Growth of Maori Sovereignty

Sept. 12th, 2017

Today we had the privilege of speaking to Josh Te Kane, a member of the Hairini Marae iwi. Josh shared his knowledge about Maori sovereignty. Maori sovereignty is a topic we are constantly exploring, researching, and trying to understand. Sovereignty is defined as a supreme power or authority. This leads us to a question I consistently wrestled with, do Maori’s have true sovereignty? Up until this point in time, I didn’t view Maori sovereignty as true sovereignty. Maori’s have sovereignty in specific areas such as within marae’s, kapa haka classes (song and dance classes), and Te Reo (Maori Language) week. It is within these areas that Maori’s are able to experience true Maori sovereignty. As far as a true self-governing state goes, I did not view Maori’s as having true sovereignty.

However, once Josh Te Kane shared his insight on Maori Sovereignty, this quickly changed. Josh explained the history of Maori’s up to present-day in a way that helped me to understand sovereignty through his eyes. Europeans arrived in New Zealand in the early 1800’s, which was a time of great turmoil. From the very beginning, Maori’s had a great relationship with the Colonials. They were great tradings of items such as flax, kumara, animals, etc. which were all very beneficial for the Maori tribes. As time went on, missionaries arrived on the island introducing Christianity. Christianity was very similar with the Maori beliefs and faiths. More and more Europeans began to move on New Zealand land, which eventually led up to the land wars.

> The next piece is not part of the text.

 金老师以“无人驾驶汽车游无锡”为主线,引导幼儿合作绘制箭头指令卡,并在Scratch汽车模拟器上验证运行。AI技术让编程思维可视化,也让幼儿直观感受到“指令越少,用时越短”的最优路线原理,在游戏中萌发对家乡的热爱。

In 1840 the Treaty of Waitangi was officialized. Unfortunately, the English and Maori versions of the Treaty were translated differently amongst the Maori community and European community.  There was a large misunderstanding. In 1852, Chief Tamihana Te Rauparaha visited England. He learned about the England monarchy system and wanted to incorporate the same system amongst Aotearoa. Once Chief Tamihana established that there would be an Aotearoa Monarchy system, the hunt for a king began. Chief Tamihana searched from the north to the southern islands, and from the east to the western islands. He asked many different chiefs if they were to take the duties of being King, but many would reply saying, “My waters are too shallow to take care of the masses”. Once Chief Tamihana finally found a King, there was a separation amongst the Maori people. Some Maori’s favored the Queen of England, whereas others favored the Maori King. Since then, many wars between Maori’s and Colonials occurred, as well as wars between different Maori tribes. Up to present day, Maori’s are still coming to terms with all the history that’s happened. Although The Crown rules over Aotearoa, there is still a Maori King. The Maori King doesn’t have governmental powers, however, he is a figure of sovereignty for Maori people. The number of Maori’s who have high beliefs in the King has risen greatly. The King is the glue that has kept Maori’s together.

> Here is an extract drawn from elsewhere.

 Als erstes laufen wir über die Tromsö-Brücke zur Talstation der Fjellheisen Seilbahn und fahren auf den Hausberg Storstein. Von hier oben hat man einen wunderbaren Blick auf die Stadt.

Maori sovereignty is present. It is not lost. The Maori King kept Maori sovereignty alive, but the Maori youth today is what keeps Maori sovereignty growing. In 2013, three high school girls started a petition to teach Maori history in schools. Thousands and thousands of people supported this petition. Maori history is now taught in schools. The young generations of Maori’s are the back bone of keeping Maori’s united as one people. Maori children are able to learn about their history. They are learning and retaining information through their traditional song and dances. Slowly but surely, Maori’s are able to talk about the past and share stories. They are now strong enough to take action towards a better future. Although it is a time of mourning, it’s a time of strong restoration for Maori’s. Maori sovereignty may not be as easily detected, but it is surely alive and growing.

Josh Te Kane and I in Hairini Marae.